メンゲルベルク指揮ACOのブラームス交響曲第1番(1940.12.13Live)を聴いて思ふ

brahms_1_mengelberg30余年前の僕にはほとんど理解できなかった代物らしい。おそらく全曲を通して聴いた記憶がない。棚の奥底に眠るこのアナログ・レコードのジャケットの中に、昭和58年6月29日の大学生協の「レコード発注書」が入ったままになっていたくらい。
懐かしい匂いのするレコード盤に恐る恐る針を下ろしてみた。

第1楽章冒頭の凄まじいティンパニの轟音とうねる浪漫的な弦の響きから、まさしくこの人の演奏だと納得した。僕はこの演奏を初めて聴いたのだろうか・・・?

ウィレム・メンゲルベルクの、手兵アムステルダム・コンセルトヘボウとの1940年12月13日の演奏会の記録。もしも仮にこの実演に触れていたらならば、僕は焼け焦げていたかもしれない。
何より第2楽章アンダンテ・ソステヌートの、あまりに情緒的でこぶしの効く濃密な音楽に、ブラームスは泣いているのかと思ったくらい。それほどに冒頭の主題からメンゲルベルクの感情移入は激しく、おそらく聴衆を忘我の彼方に誘ったことだろう。(今となっては思わず吹き出してしまいそうな)ヴァイオリン独奏の濃厚なポルタメントにみる愛の法悦と、それに応答するホルンの柔らかい歌に、これこそかのリヒャルト・ワーグナーを凌ぐ(大岡昇平氏のおっしゃる)「性交音楽」なのではないのかとさえ思ったほど。

ブラームス:交響曲第1番ハ短調作品68
ウィレム・メンゲルベルク指揮アムステルダム・コンセルトヘボウ管弦楽団(1940.12.13Live)(アナログ盤PC-5552)

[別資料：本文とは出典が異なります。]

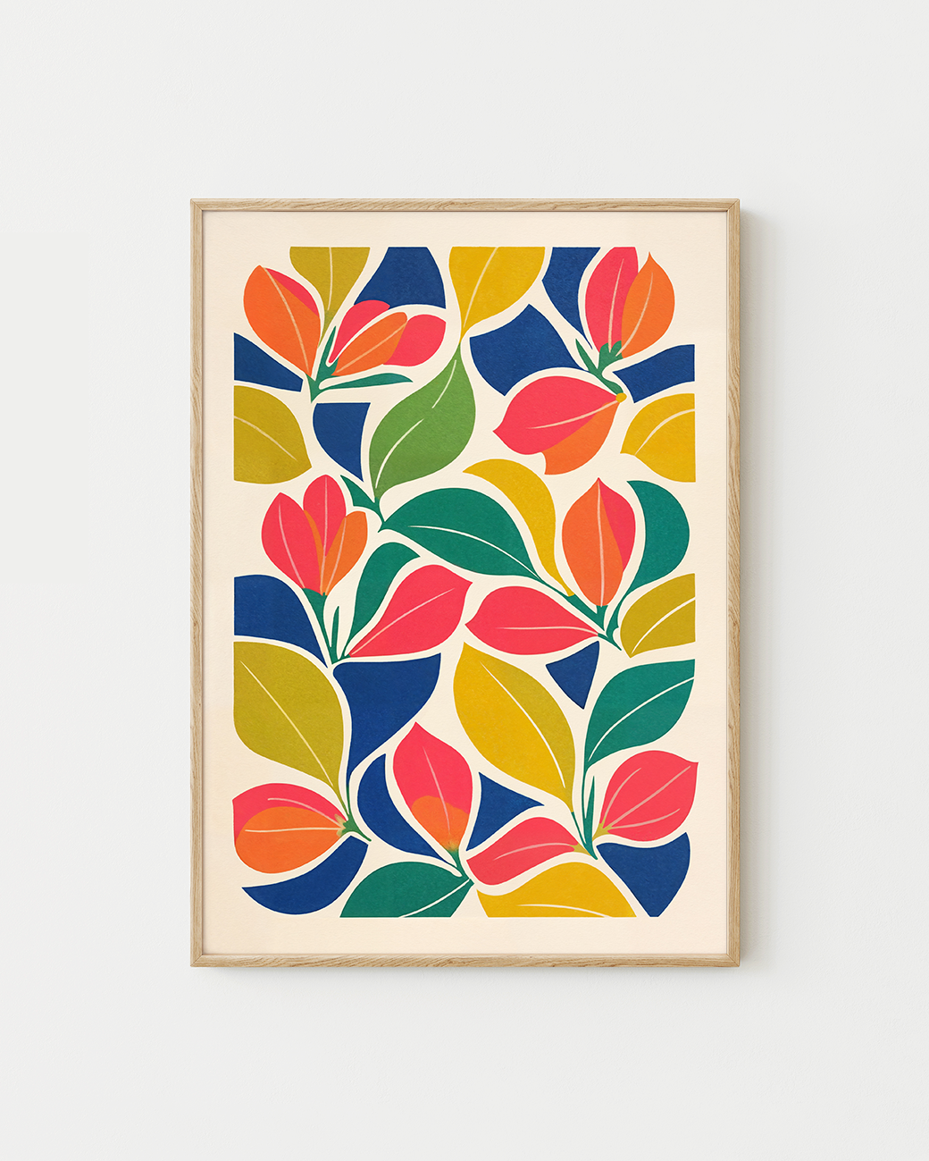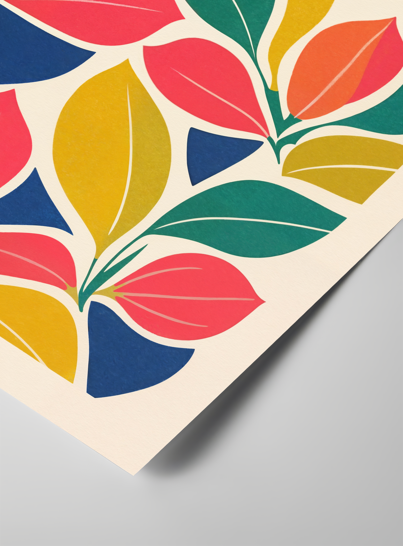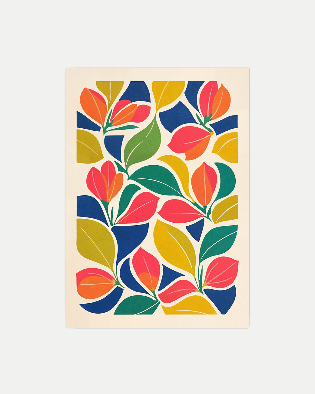An abstract multicolored illustration of petals. The illustration has a beige border around it which frames the design.

第3楽章ウン・ポコ・アレグレット・エ・グラツィオーソの中間部で不自然にテンポを上げ、金管を咆哮させる様はいかにもメンゲルベルクの常套だが、少々行き過ぎの感あり。
極めつけは終楽章アダージョ―アレグロ・ノン・トロッポ・マ・コン・ブリオ!!序奏の、沈潜してゆく精神に対して、主部での猛烈な爆発は、いかにも抑圧されしブラームスの体現。ここは確かにメンゲルベルクの表現がものを言う。
主部に入る直前の、ねばりにねばるホルンによるクララ讃歌の雄渾な響きに感嘆、例の有名な第1主題が現れた時の感動と言ったら・・・。それにしてもここだけでもギヤチェンジが激しく、そのテンポの揺れについていくだけでも相当な心の準備がいる。その後も音楽は唸り、うねり、最後のコーダに至っては指揮者も演奏者も一体となって聴衆を煽り、ブラームスの世界に埋没する。緊張と弛緩、膨張と収縮の連続。
不自然と言われようが、機械のようだと言われようが、音楽は生物の如く活きている。
終演後の聴衆の熱狂的拍手が、この日の演奏がただならぬものでないことを物語る。

彼女は畏れとも恐怖とも言えるような驚嘆の叫びをあげて彼にしがみついた。彼は彼女をしっかり抱いた。だが無言だった。何も言おうとしなかった。彼女は彼にもっと身を寄せた。それはただ彼の肉の驚異に近づきたかったからだった。そして彼の全き、不可解な静けさの中から、彼女は再び男根が徐々に、ものものしく、満ち膨れはじめたのを感じた。またも力が湧いてきたのだった。彼女の心は一種の畏怖の念で融けていった。
D.H.ロレンス著/伊藤整訳・伊藤礼補訳「完訳チャタレイ夫人の恋人」(新潮文庫)P321-322

強いて言葉にするなら、こんな感じだろうか・・・(本当はこの直前の露骨なシーンがより相応しいが、憚られるので)。